味岡がその判断による行動をした同じ日、巨勢の事務所が入るビルの屋上にある機械室の中で、男の他殺体が発見されます。

この事件とは関わりのない味岡が、奇妙に事件と関連付けた強迫観念を持ち、自分で自分の首を絞めるような状況へと追いつめられてしまいます。

本作に登場する味岡に限らず、人は近い未来や遠い未来を想像します。その多くは、良くない想像です。現実には起きていない自分の周りで起こる、良くない未来を自分の頭の中で作りあげ、自分が作った悪い想像に、自分が苦しめられます。

その極限状態が味岡に起こるのです。

上巻が終わって下巻になると、味岡に代わって、矢田部(やたべ)という男が登場してきます。彼は地方にある警察署で刑事をしており、味岡が巻き込まれた事件に、彼独特の勘で、関わっていきます。

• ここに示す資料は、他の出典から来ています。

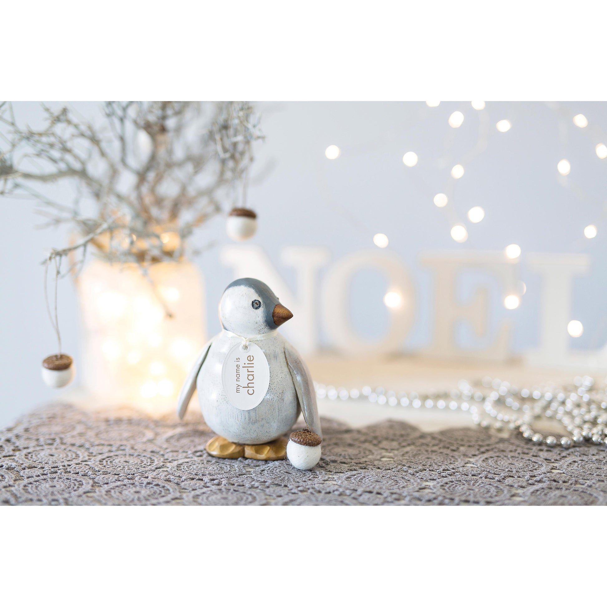Meet the adorable Baby Emperor Penguin, hand-carved with its own quirky personality. Whether gazing left, right, or straight ahead, each little penguin is full of character and ready to waddle into your home. With their classic black and white markings and handcrafted details, these penguins make a delightful gift or a charming addition to any collection.

本作は『週刊新潮』に1年7カ月ほど連載されました。清張は、さまざまな人物を配置し、入り組んだ事件にしています。連載前に全体の構想を立てたでしょう。連載が終了したとき、清張は自分が思い描いたとおりの展開にすることができたと満足したかのかどうかわかりません。

土木工事をする業界が登場するため、ミキサ車まで使っています。ミキサ車というのは、正しくは「トラックミキサ」というのだと、本作を読んだことで知りました。

いずれについても、清張は「ミキサ」ではなく「ミキサー」と書いています。私も「ミキサー」と伸ばしていうのだと思っていました。

【のりもの図鑑】コンクリートミキサー車

今後トラックミキサを見かけることがあれば、これまでとは違った見え方がするかもしれない、考えたりもします。

「温泉芸者」も登場します。彼女らの描き方は、世間一般の印象が反映されたステレオタイプとなっていうように感じられなくもありません。

私は、清張が1970年代後半に『週刊新潮』で連続連載した「禁忌の連歌」4作品をすべて読むつもりで、本作を含めて3作品を読み終えました。

最後に残った『天才画の女』1979)も電子書籍版で手に入れたので、このあと、続けて読むことにします。